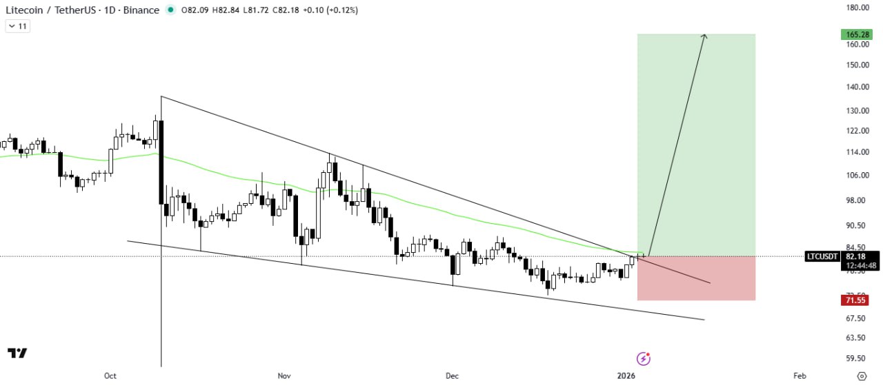 LTC has broken out of the falling wedge pattern and is currently testing the breakout level. The 50MA is acting as a resistance barrier above the current price action. A successful retest of the wedge, followed by a breakout above the 50MA, would confirm a strong bullish rally.
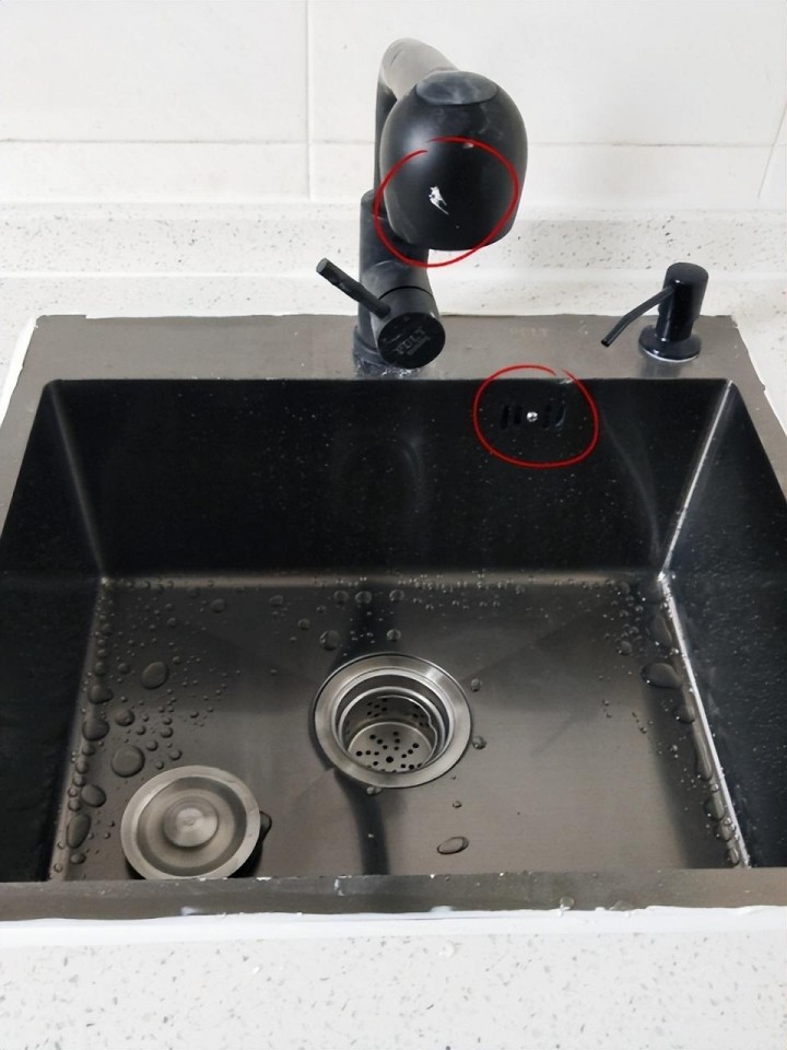 還有些“網(wǎng)紅”家里用的是帶顏色的水槽,比如黑色。這種顏色是鍍上的一層漆,雖然不怕水,但是容易被磕碰、剮蹭。新水槽好看,兩年以后看起來就會破破爛爛的。
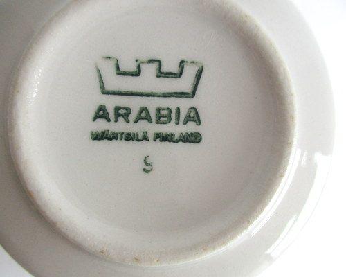 フィンランドARABIA製のカップ&ソーサー。 フォルムGoran Back、デコレーションRaija UosikkinenによるSotkaシリーズです。 コバルトブルーで、大胆にハンドペイントされたデザインが温かみを感じます!また、個体によって、カラーの濃淡やパターンが微妙に違いがあるのも魅力となっています♪ 1970年前後 カップ直径:約6.2cm カップ高さ:約6.7cm ソーサー直径:約12.0cm 写真で説明している部分がありますが、珍しいものではなく、普通に置いてみる分には、目立ちません。ヒビ・カケ等なく、全体的には、つややかで、良好なヴィンテージコンディションです! ※比較的、すぐ気づくようなもののみ、説明でお知らせしています。古いものに珍しくないものとして、写真で説明していない、よく見たときにわかるような、小さな点や、釉薬のムラなどについては、ご了承ください。 |

- **What to produce**
Return the listing above unchanged, apart from dropping its pictures.

- **Answer for the task**
 LTC has broken out of the falling wedge pattern and is currently testing the breakout level. The 50MA is acting as a resistance barrier above the current price action. A successful retest of the wedge, followed by a breakout above the 50MA, would confirm a strong bullish rally.
 還有些“網(wǎng)紅”家里用的是帶顏色的水槽,比如黑色。這種顏色是鍍上的一層漆,雖然不怕水,但是容易被磕碰、剮蹭。新水槽好看,兩年以后看起來就會破破爛爛的。
 フィンランドARABIA製のカップ&ソーサー。 フォルムGoran Back、デコレーションRaija UosikkinenによるSotkaシリーズです。 コバルトブルーで、大胆にハンドペイントされたデザインが温かみを感じます!また、個体によって、カラーの濃淡やパターンが微妙に違いがあるのも魅力となっています♪ 1970年前後 カップ直径:約6.2cm カップ高さ:約6.7cm ソーサー直径:約12.0cm 写真で説明している部分がありますが、珍しいものではなく、普通に置いてみる分には、目立ちません。ヒビ・カケ等なく、全体的には、つややかで、良好なヴィンテージコンディションです! ※比較的、すぐ気づくようなもののみ、説明でお知らせしています。古いものに珍しくないものとして、写真で説明していない、よく見たときにわかるような、小さな点や、釉薬のムラなどについては、ご了承ください。 |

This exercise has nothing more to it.